To get to the point, I think I lost myself in a relationship and I am having a hard time getting myself back.
I was dating this girl for a few years (first really serious relationship - talking about marriage, family,etc..) and we broke up in January. I had completely fallen for her, but the relationship slowly deteriorated over time until she decided we should go on a break. It was also her idea that we should try to remain friends - wether this was control or good intentions, I have no idea.
By way of additional background, my father died in February. I was hospitalized with food poisoning shortly thereafter and I also found out I had a sister I never knew about (half-sister and much older). I am also in my last semester of law school and dealing with that stress too.
In March, I met this amazing woman. Despite interest from others, I was so emotionally numb that I hadn't "gotten the fizz" about anyone except her. She realized early that I wasn't over my previous relationship which lead to a personal epiphany of sorts - I discovered that I had become so obsessed with my ex that I forgot about myself and still let this happen. That was a big turning point and I am forever grateful for that.
This woman and I made amends and began seeing each other but that quickly faded.
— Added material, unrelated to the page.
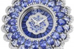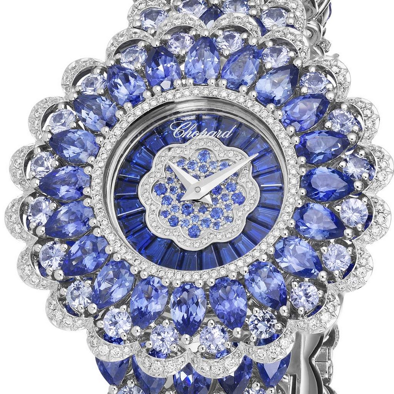 The spectacular watch is set with pear-cut blue sapphires, brilliant-cut pastel sapphires and white diamonds, composing a subtle and airy lacework pattern. On the dial, baguette-cut sapphires surround a dainty corolla.

She is a foreign national and didn't want to get too serious with anyone before leaving. Well, we got serious but then I got clingy and dependent. This turned her off and shut her down. Now, she is not attracted to me in general and I understand that. However, I can't get her out of my head and realize that I was in the process of losing myself in her.
My question is how many of you have gone through something like this, were you forget to respect yourself in a relationship and become other focused? What have you done to address it and how long does it take? I understand my situation may be different because I am dealing with quite a few other things that may slow down my process but honestly, I could use any feedback.